The company added that following the sale of its Albertsons, Jewel, Acme and Shaw’s/Star Market banners, “the remaining organization will require significantly fewer corporate and store support roles and functions, making it important that the company restructure its operations and expenses accordingly.”
The cuts affect almost all of the company’s offices and most departments within the organization. Supervalu said that, “in general,” store-level employees and employees of Save-A-Lot will not be affected. Employees whose positions are eliminated will be offered severance and outplacement services based on Supervalu’s eligibility guideline.
In the Mid-Atlantic region, sources told us that more than 20 people were riffed at Shoppers Food & Pharmacy and about 15 were let go at Farm Fresh.
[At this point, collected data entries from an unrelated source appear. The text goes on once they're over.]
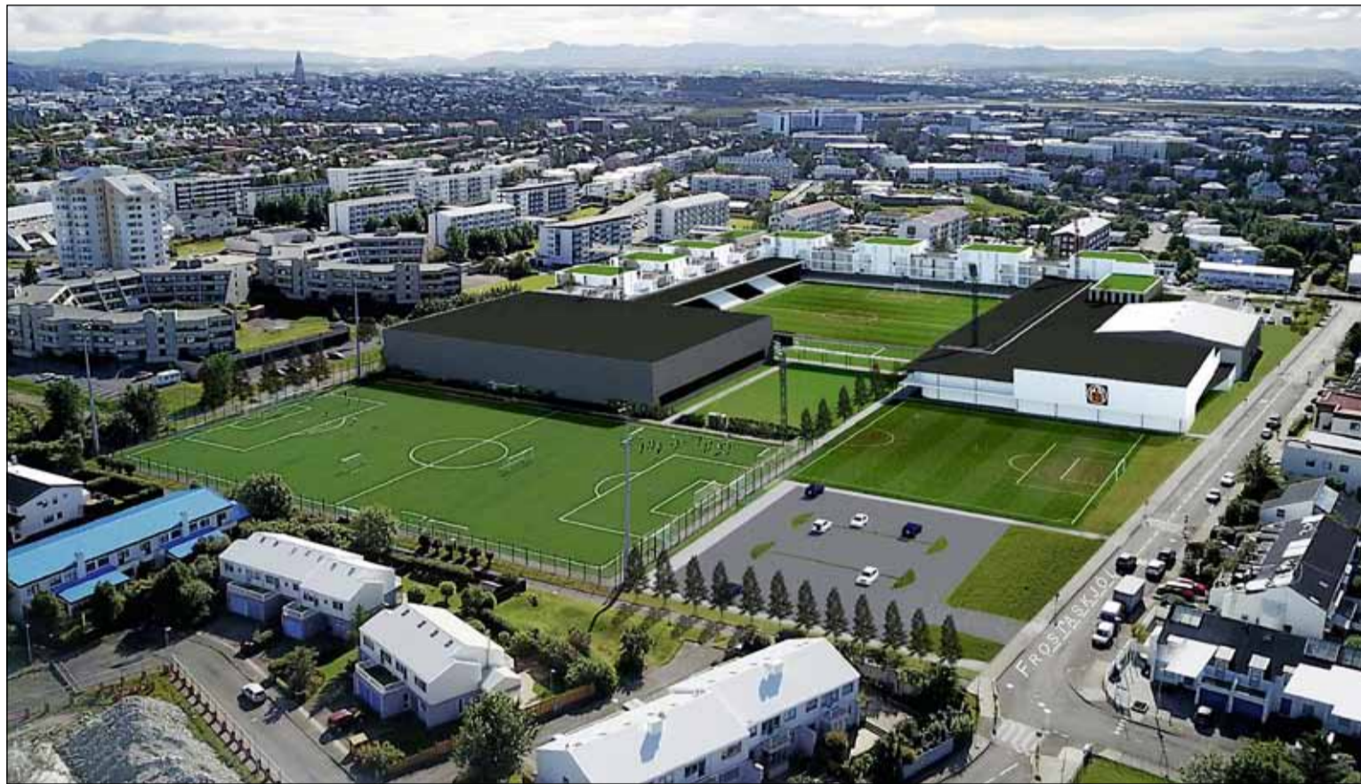
KR svæði framtíðarinnar séð frá Keilugranda.
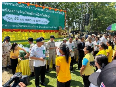
จังหวัดเคลื่อนที่นำโดยผู้ว่าราชการจังหวัดชัยภูมิ
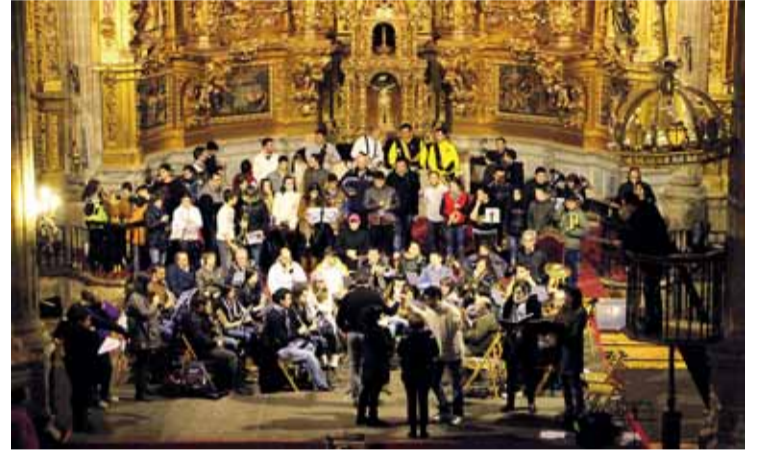
Imagen de uno de los ensayos de todos los músicos participantes.

Se trata de una obra escenificada cuya partitura requiere una amplia dotación instrumental con tres bandas de cornetas y tambores, banda sinfónica (Ban-
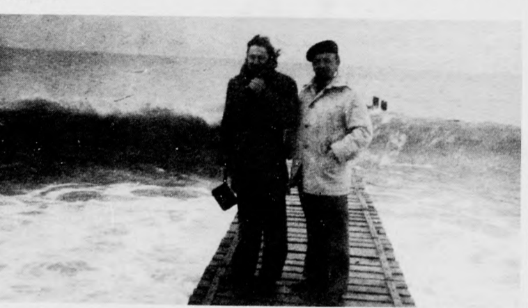
A háborgó tenger Várnában

azt is tudtuk, hogy a városban jelentős Kossuth- emlékek vannak.
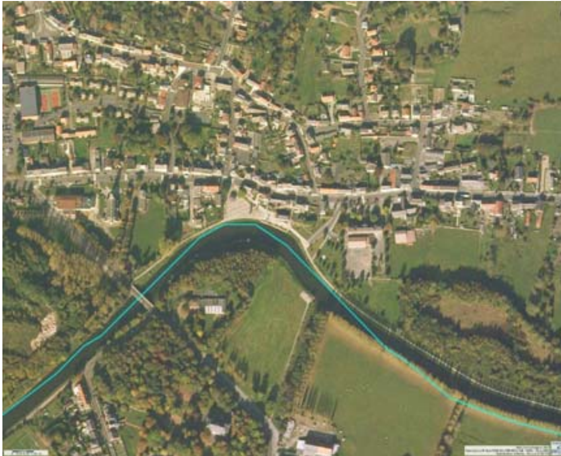
Photographie aérienne d'ensemble après travaux

However, we are also told that some of those associates have been reassigned to new positions, primarily in store operations as the new organization is reinstalling department merchandisers in a company-wide effort to become more localized by allowing the divisions to have a greater voice in merchandising, pricing and item mix.
Supervalu also announced appointments to its executive team, including Janel Haugarth, who will remain with the company as executive VP and president of independent business and supply chain services. Haugarth was one of three senior long-term Supervalu executives who will benefit significantly (up to $3.65 million) if she leaves within three years of the completion of the new deal. Instead she will remain with the new Supervalu team for now as Duncan finalizes his leadership team. Haugarth will oversee the company’s wholesale and distribution business which is expected to account for nearly 50 percent of Supervalu’s annual revenues after the transaction closes. Supervalu’s independent business division is the primary grocery supplier to nearly 2,000 of the country’s most successful independent grocery retailers across 43 states. She also will lead supply chain services for the company which consists of 19 distribution centers across the country.